Степан оглянулся, у входа стоял полицейский пристав, рядом с ним двое штатских в котелках. Они внимательно оглядывали сидящих за столами. Вот сейчас их взгляд упадет на пустой столик рядом с тем, где сидит Халтурин, а на столе одиноко лежит книга, забытая впопыхах студентами. Степан быстро протянул руку, схватил книгу и спрятал под полу.

Теперь, вечером, он мог целиком отдаться чтению. Амосов пристроился рядом.

Читали молча, глотая страницы, пропуская рассуждения. И перед Халтуриным все яснее, все ярче вставал облик Москвы рабочей, вскрывались «язвы пролетарства».

Оказывается, в дворянско-купеческой Москве из 500 тысяч жителей только в крупной промышленности было занято 70 тысяч человек. Это столько же, сколько проживало в ней крупных «хозяев» и мелких «хозяйчиков»-собственников, вместе взятых. А сколько же их было на других предприятиях? Рабочих, относящихся к легкой промышленности, служивших при московских торговых заведениях? Число их было огромно: 5 500 в пищевой промышленности, 3 тысячи рабочих силикатных заводов, 2 500 кожевников, 8 600 легковых и ломовых извозчиков, работающих «от хозяина», 428 машинистов, 260 кочегаров, 907 сторожей и т. д.

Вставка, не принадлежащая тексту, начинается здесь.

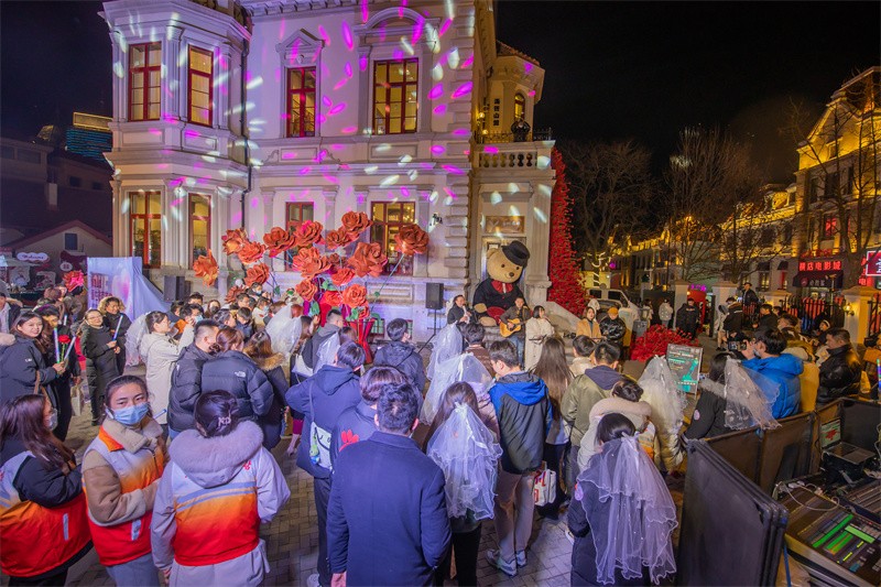 2月14日晚6点,“海誓山盟 爱在市南等你”情人节活动在安娜别墅拉开帷幕。99对新人相聚在青岛浪漫爱情文化地标—安娜别墅,共同许下海誓山盟的爱情誓言。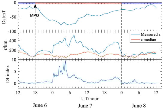 where and are the storm-time τ, and corresponding monthly median τ, respectively. Moreover, the monthly median is the median of a 27-day running window centering for the observed day. Figure 2 displays an example during the period 6 June 6 12 UT–8 June 12 UT in 2013 at Yakutsk. Figure 2 shows the Dst variation during this period (top panel), and it can be seen from the figure that the main phase onset of the geomagnetic storm is at 18:00 UT on June 6; the middle panel shows the measured τ (blue line) and corresponding τ median (red line) during 6–8 June; the bottom panel presents the DI index of τ according to Equation (1), using the measured τ and its median value. It is important to note that DI indexes are classified into storm-time DI index and quiet-time DI index to study their characteristics during the geomagnetic storm and geomagnetic quiet conditions, respectively. For example, the DI index in the storm-time period (colored in red) is used to study the features of DI index during geomagnetic storms, while DI index in the quiet-time period (colored in purple) is used to study the one at geomagnetic quiet conditions.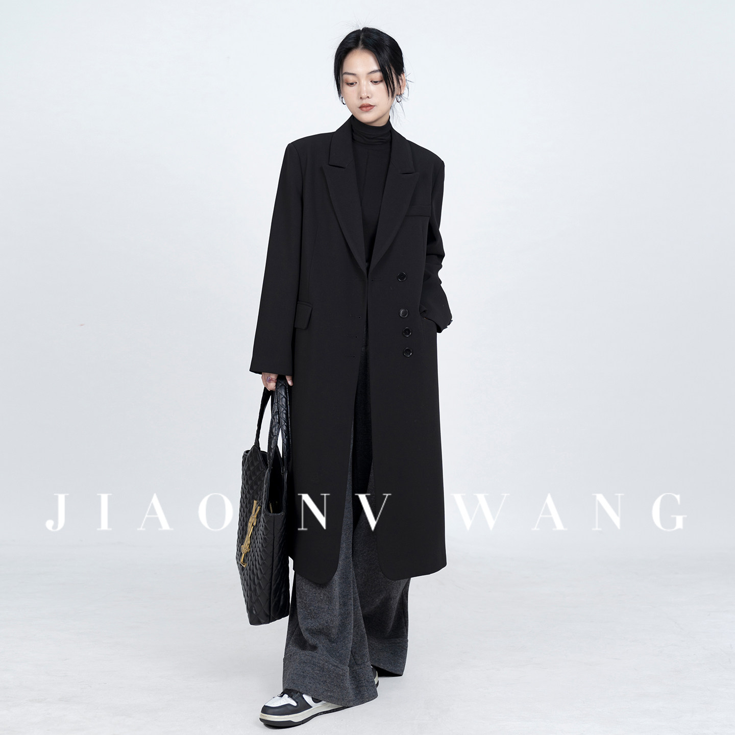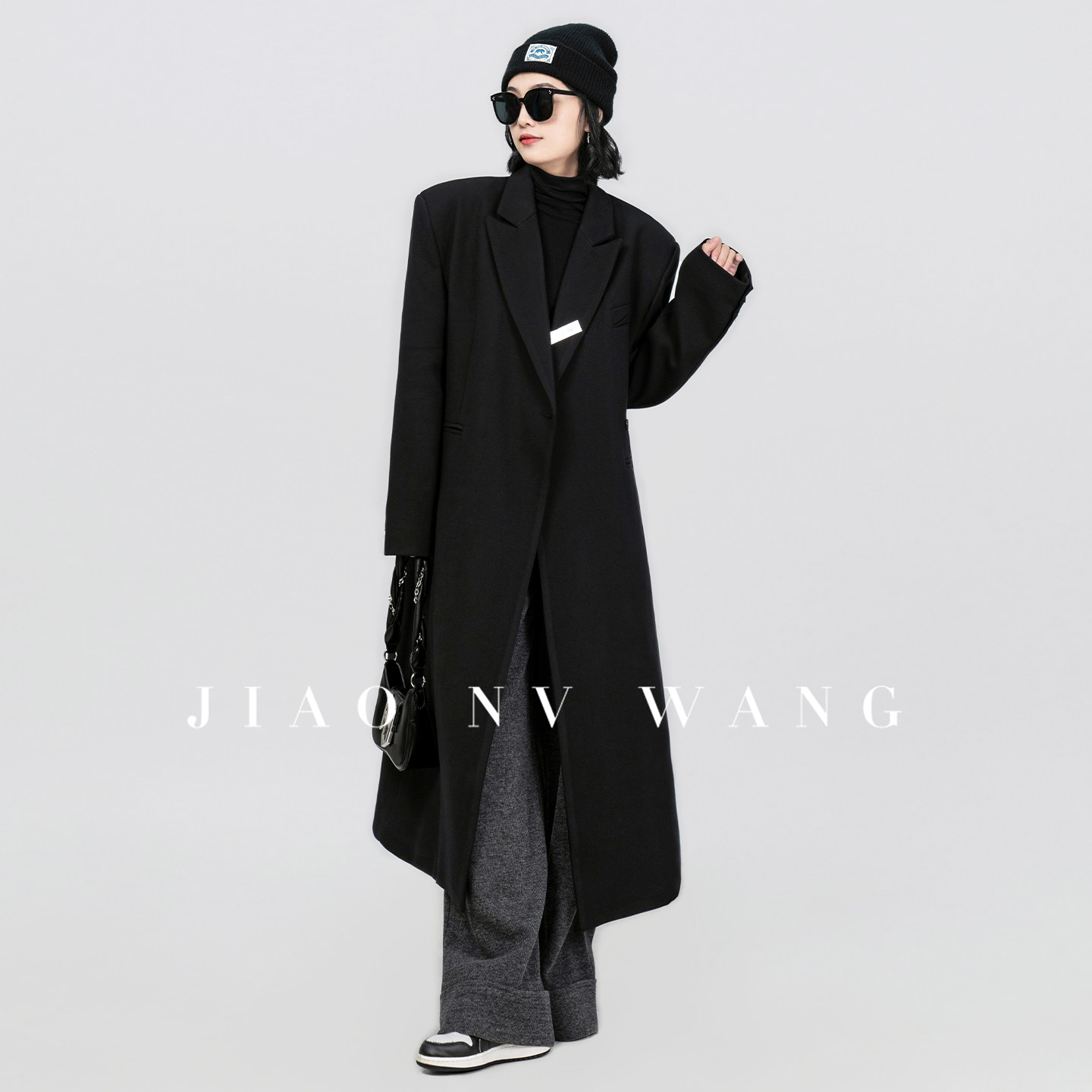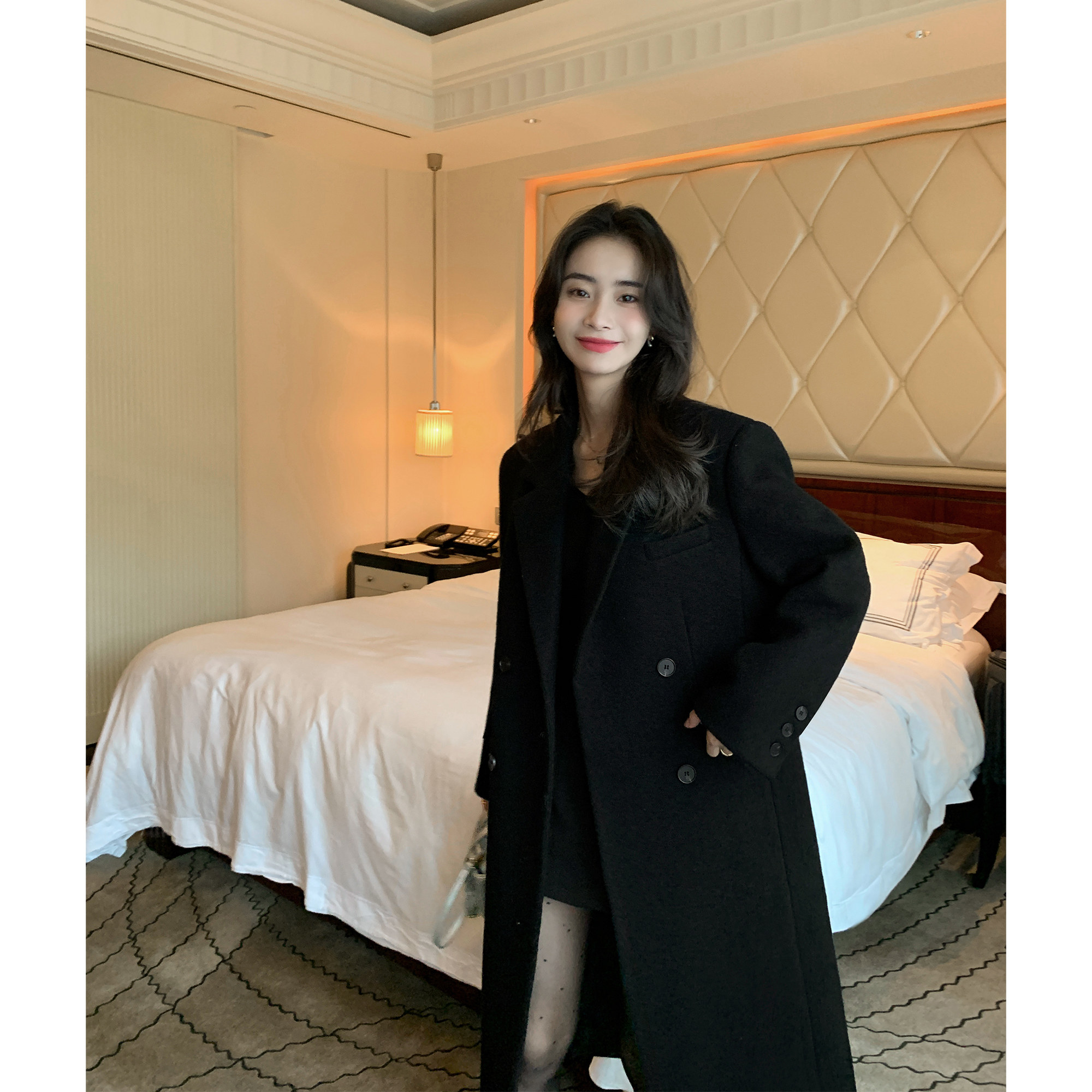 浅布调【黑钻石】冬新款宽松显瘦高个子加厚长款外套黑色毛呢大衣

А ведь работала по найму и эксплуатировалась не менее жестоко, нежели рабочие, всевозможная прислуга. В Москве ее было 91 тысяча, причем 85 500 — это домашняя прислуга, самая бесправная, забитая, и среди нее 58 500 женщин.

Эти цифры поразили Халтурина и Амосова. Им, выросшим в деревне и вступившим в самостоятельную жизнь в губернском городе, Вятка казалась огромной. Но в Вятке жило около 25 тысяч человек. Значит, в Москве было вдвое больше только женской прислуги, чем всех жителей в Вятке. Цифры вызывали удивление. Но где же жили эти 70 тысяч рабочих крупных предприятий, как они работали, сколько получали? Атлас только отчасти мог удовлетворить острый интерес Степана. Жили рабочие в условиях, в которых всегда живут они в периоды «первого расцвета» промышленного капитализма, когда буржуазия празднует свою «весну». Весной в России мокро и холодно; грязь и слякоть русской промышленной весны доставались, конечно, прежде всего на долю пролетария. Только наиболее ценные для хозяина, наиболее квалифицированные рабочие имели возможность снимать отдельные полуподвальные каморки.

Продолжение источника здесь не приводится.